-------- Given material --------
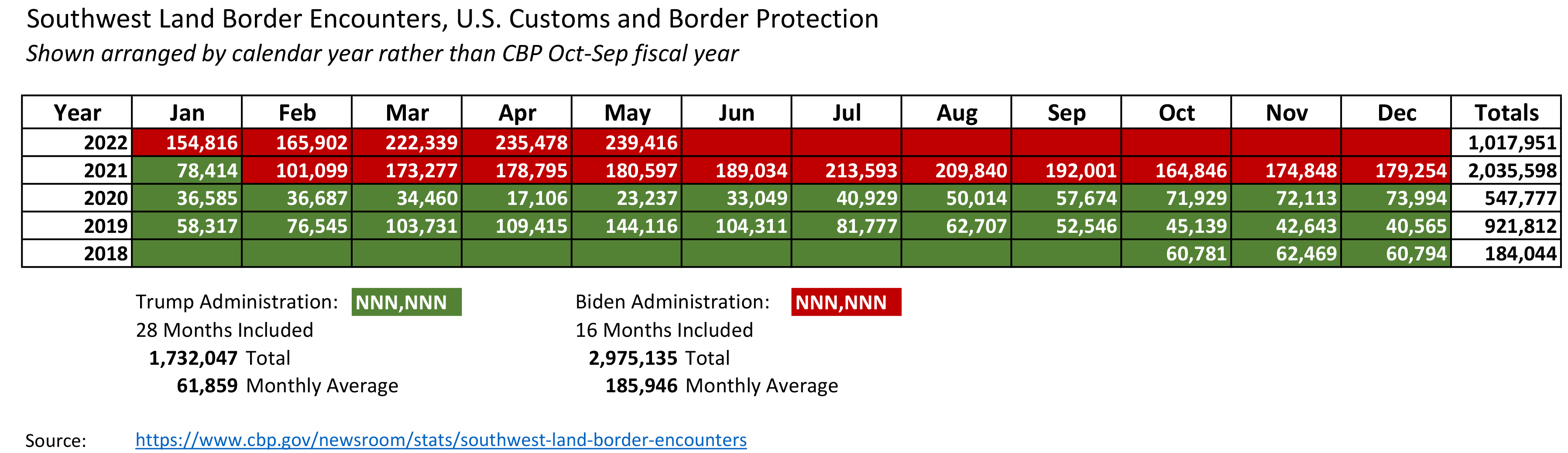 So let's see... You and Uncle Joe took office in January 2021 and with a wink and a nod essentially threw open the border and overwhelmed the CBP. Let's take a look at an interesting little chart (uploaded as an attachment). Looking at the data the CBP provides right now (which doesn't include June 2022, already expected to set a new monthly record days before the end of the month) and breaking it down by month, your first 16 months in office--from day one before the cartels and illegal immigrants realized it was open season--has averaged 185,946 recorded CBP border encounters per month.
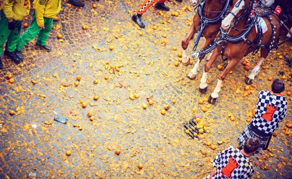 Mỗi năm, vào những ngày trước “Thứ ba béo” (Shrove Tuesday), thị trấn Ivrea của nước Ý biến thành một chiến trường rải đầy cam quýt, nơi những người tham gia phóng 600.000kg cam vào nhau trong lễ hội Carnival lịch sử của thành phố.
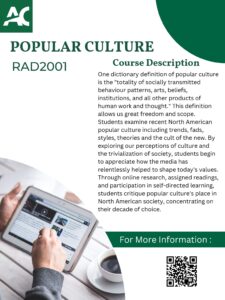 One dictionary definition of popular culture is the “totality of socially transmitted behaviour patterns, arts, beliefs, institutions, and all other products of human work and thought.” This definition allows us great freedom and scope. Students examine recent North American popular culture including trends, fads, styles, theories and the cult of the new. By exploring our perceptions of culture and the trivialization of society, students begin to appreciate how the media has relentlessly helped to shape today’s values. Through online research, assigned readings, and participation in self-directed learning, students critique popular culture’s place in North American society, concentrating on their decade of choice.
--------
• Task to carry out
Only the lines from the start of the material through the line containing "Mỗi năm, vào" should be transcribed. Pictures stay out.

• Result
 So let's see... You and Uncle Joe took office in January 2021 and with a wink and a nod essentially threw open the border and overwhelmed the CBP. Let's take a look at an interesting little chart (uploaded as an attachment). Looking at the data the CBP provides right now (which doesn't include June 2022, already expected to set a new monthly record days before the end of the month) and breaking it down by month, your first 16 months in office--from day one before the cartels and illegal immigrants realized it was open season--has averaged 185,946 recorded CBP border encounters per month.
 Mỗi năm, vào những ngày trước “Thứ ba béo” (Shrove Tuesday), thị trấn Ivrea của nước Ý biến thành một chiến trường rải đầy cam quýt, nơi những người tham gia phóng 600.000kg cam vào nhau trong lễ hội Carnival lịch sử của thành phố.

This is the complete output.